По лицу Ульменеты струился пот, светлые волосы взмокли. Кебра попробовал разбудить ее, но не сумел. Свет, окружавший ее, разгорался все ярче, и в траве вокруг ее одеяла распускались мелкие белые цветочки. В воздухе стоял пьянящий аромат, Коналину слышалась далекая музыка. Кебра откинул одеяло, и они увидели, что тело женщины парит в нескольких дюймах над землей.

Подошедший Ногуста тоже стал на колени и взял Ульменету за руку. Свет хлынул вверх по его руке, и Ногуста отпрянул.

– На нее напали? – спросил Дагориан.

– Нет, – ответил Ногуста, – это не кровавая магия.

– Ну и как же нам с ней быть? – обеспокоился Кебра.

– Никак. Укроем ее и будем ждать.

– Она худеет, – прошептал Коналин, вглядываясь в светящееся лицо монахини. И верно: все ее тело, истекающее потом, таяло на глазах.

– Она умрет, если это будет продолжаться, – заметил Кебра.
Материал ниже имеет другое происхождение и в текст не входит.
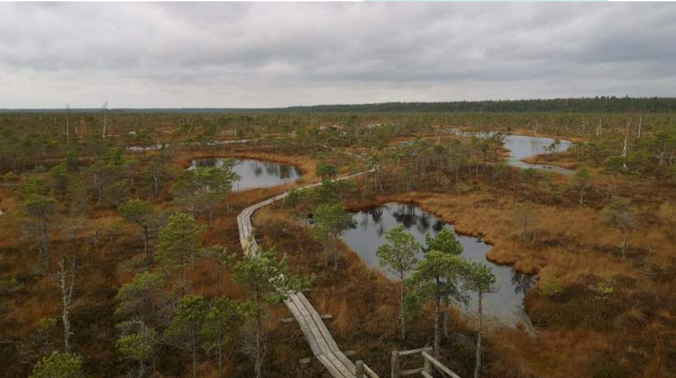
"Parc national de Kemerii"

– То, что с ней происходит, не содержит в себе зла, – сказал Ногуста. – Будь иначе, талисман сказал бы мне об этом. Не думаю, что она умрет. Укрой ее, парень.

Коналин, натягивая на Ульменету одеяло, нечаянно коснулся ее плеча. Свет нахлынул на него, и он испытал сладостное чувство тепла и безопасности. Спину защекотало – он даже застонал от удовольствия. Потом его одолела дремота, и он свалился в траву. Случайно взглянув на свою руку, он стащил с себя грязную рубаху. Язвы пропали, и кожа сияла здоровьем.

– Гляди! – сказал он Кебре. – Я вылечился.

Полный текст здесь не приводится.